Given data:
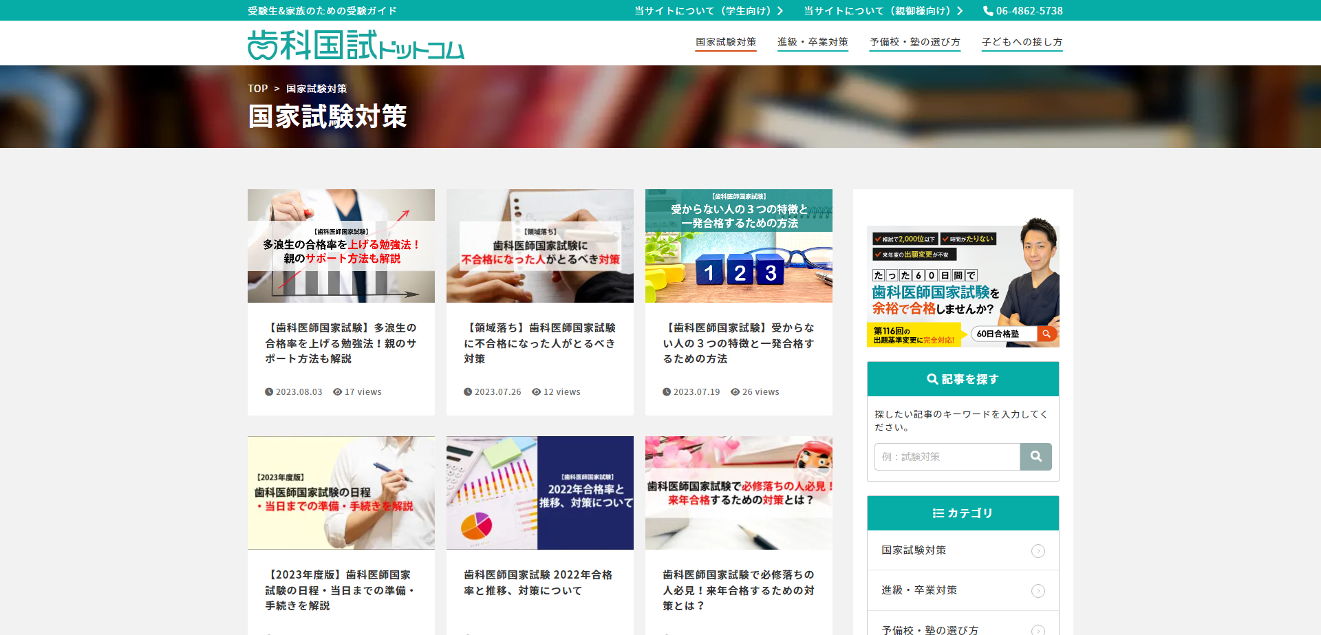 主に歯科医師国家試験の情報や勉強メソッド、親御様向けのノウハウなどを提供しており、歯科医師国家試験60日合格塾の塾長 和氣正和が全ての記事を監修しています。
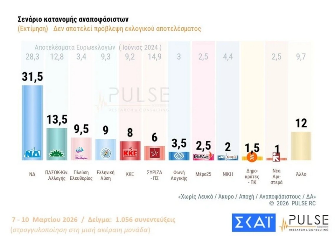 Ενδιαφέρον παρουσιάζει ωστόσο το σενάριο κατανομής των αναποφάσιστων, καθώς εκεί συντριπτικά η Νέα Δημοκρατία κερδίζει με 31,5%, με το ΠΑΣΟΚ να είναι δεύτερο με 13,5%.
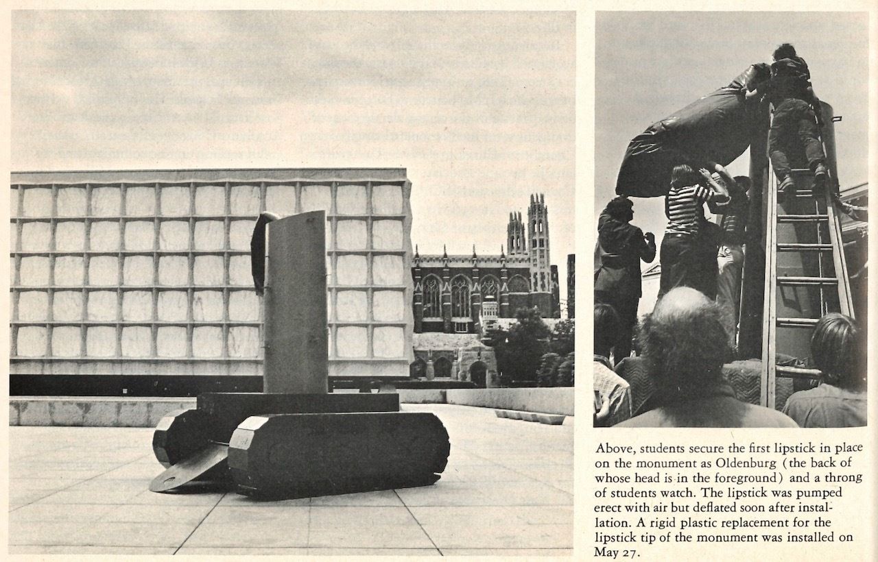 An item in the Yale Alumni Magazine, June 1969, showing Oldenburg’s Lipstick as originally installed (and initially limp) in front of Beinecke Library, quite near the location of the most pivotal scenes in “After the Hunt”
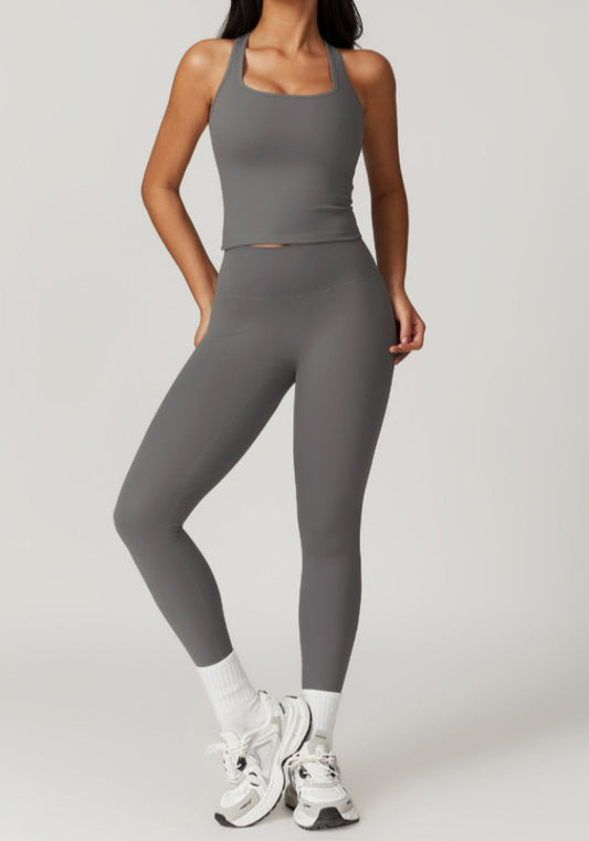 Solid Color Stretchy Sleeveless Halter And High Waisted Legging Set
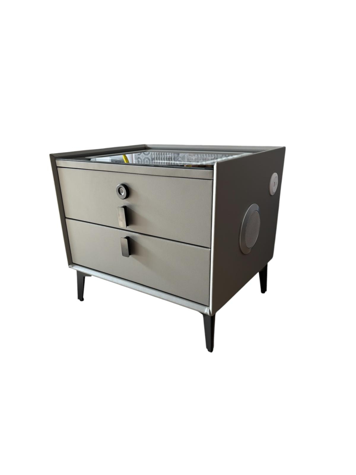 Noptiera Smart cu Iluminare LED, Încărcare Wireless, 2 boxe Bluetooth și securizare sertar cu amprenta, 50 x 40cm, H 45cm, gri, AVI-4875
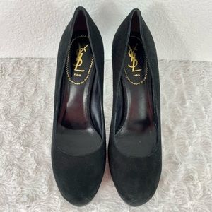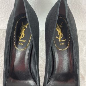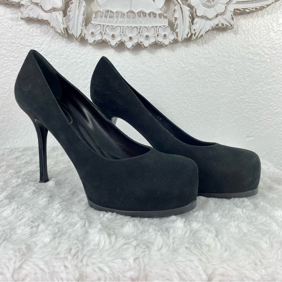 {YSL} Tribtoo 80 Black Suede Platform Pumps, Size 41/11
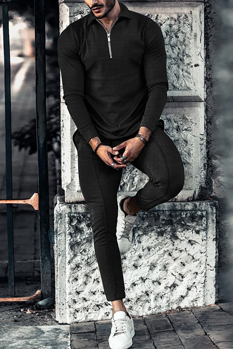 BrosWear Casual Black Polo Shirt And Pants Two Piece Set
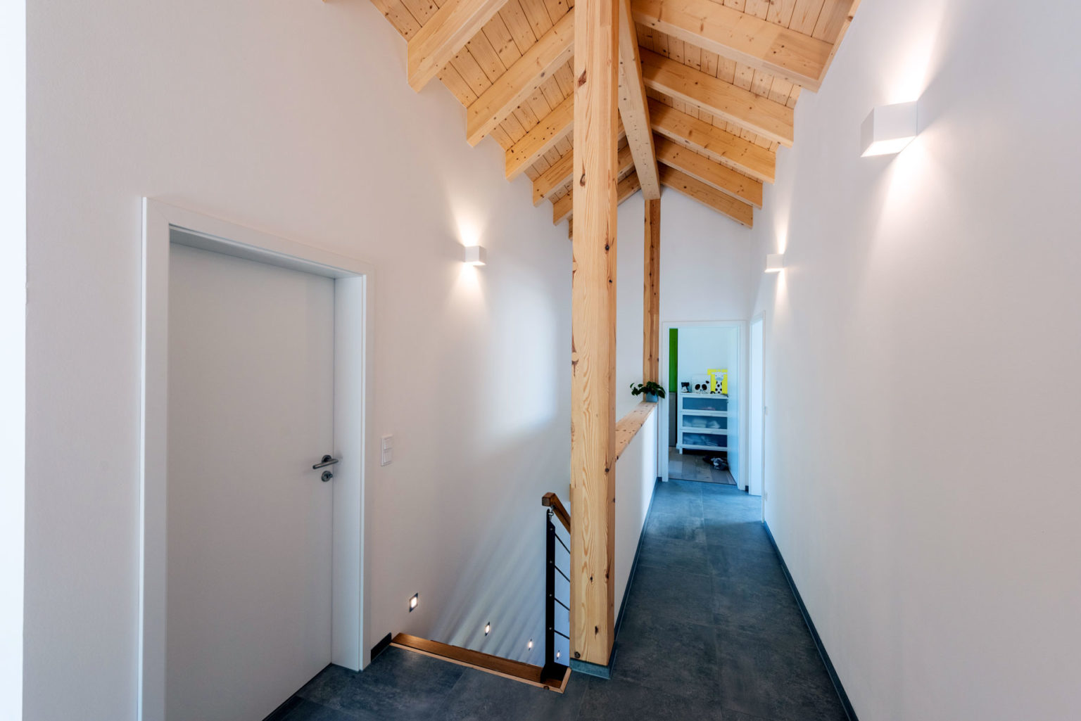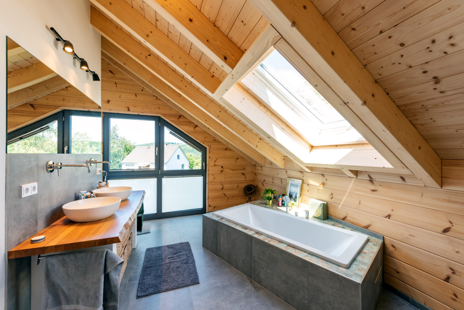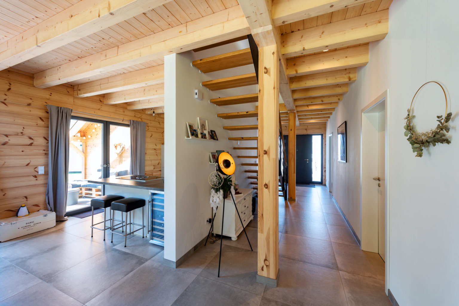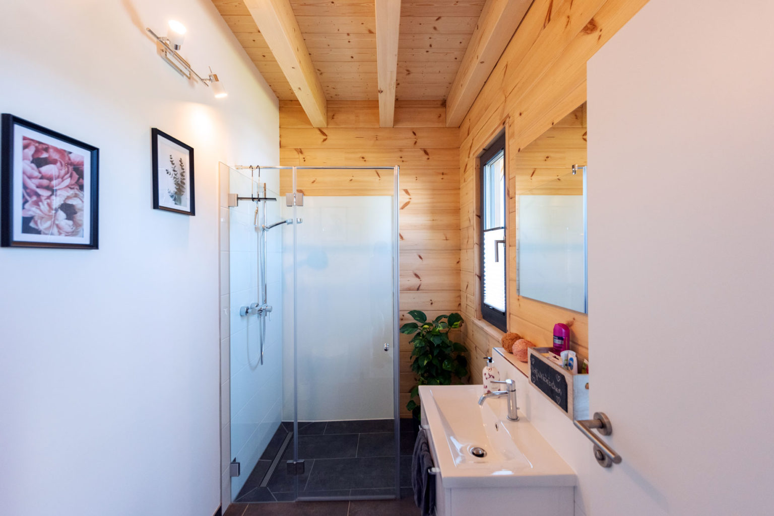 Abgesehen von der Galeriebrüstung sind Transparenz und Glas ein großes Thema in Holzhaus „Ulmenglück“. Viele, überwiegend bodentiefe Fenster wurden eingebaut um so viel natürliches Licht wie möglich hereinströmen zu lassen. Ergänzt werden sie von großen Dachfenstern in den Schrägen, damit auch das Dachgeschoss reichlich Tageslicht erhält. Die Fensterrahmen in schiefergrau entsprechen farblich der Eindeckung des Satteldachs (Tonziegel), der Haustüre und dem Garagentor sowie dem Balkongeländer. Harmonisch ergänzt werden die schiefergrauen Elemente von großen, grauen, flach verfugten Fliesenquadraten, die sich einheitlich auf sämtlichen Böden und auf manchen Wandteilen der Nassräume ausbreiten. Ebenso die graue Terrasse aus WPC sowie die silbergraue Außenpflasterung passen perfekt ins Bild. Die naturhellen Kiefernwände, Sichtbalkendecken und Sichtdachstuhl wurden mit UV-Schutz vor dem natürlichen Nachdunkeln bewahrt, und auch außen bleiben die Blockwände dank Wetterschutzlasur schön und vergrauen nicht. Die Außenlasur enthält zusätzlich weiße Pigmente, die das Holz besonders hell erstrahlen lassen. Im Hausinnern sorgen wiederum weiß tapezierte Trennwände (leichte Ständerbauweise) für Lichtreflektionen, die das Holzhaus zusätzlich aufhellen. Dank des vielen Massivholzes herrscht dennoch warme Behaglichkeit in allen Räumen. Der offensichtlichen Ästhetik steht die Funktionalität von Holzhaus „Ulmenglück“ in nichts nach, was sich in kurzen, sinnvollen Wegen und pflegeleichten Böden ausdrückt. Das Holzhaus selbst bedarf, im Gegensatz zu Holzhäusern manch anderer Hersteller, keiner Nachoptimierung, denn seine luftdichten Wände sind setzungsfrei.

* * *

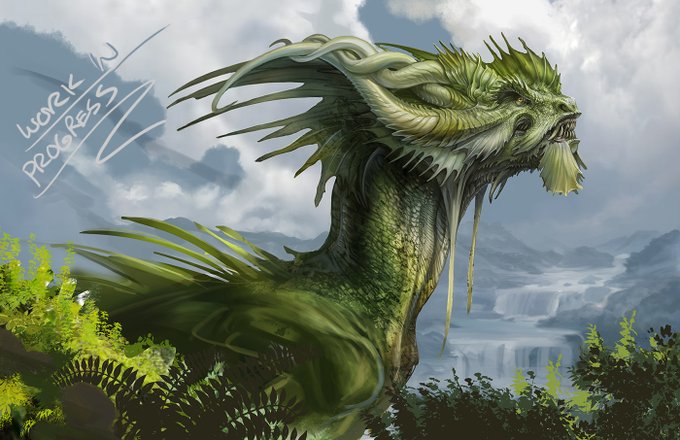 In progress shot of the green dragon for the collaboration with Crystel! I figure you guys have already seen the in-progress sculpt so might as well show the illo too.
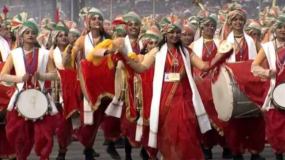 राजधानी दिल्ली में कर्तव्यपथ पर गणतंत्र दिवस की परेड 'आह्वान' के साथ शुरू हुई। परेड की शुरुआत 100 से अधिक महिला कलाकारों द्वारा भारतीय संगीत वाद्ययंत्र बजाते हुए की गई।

Exercise objective: Above are the records; please give again, exactly and in full, only the lines that run from the line with "主に歯科医師国家試験の情報や" through the line with "Ενδιαφέρον παρουσιάζει ωστόσο", with no pictures.

Exercise solution:
 主に歯科医師国家試験の情報や勉強メソッド、親御様向けのノウハウなどを提供しており、歯科医師国家試験60日合格塾の塾長 和氣正和が全ての記事を監修しています。
 Ενδιαφέρον παρουσιάζει ωστόσο το σενάριο κατανομής των αναποφάσιστων, καθώς εκεί συντριπτικά η Νέα Δημοκρατία κερδίζει με 31,5%, με το ΠΑΣΟΚ να είναι δεύτερο με 13,5%.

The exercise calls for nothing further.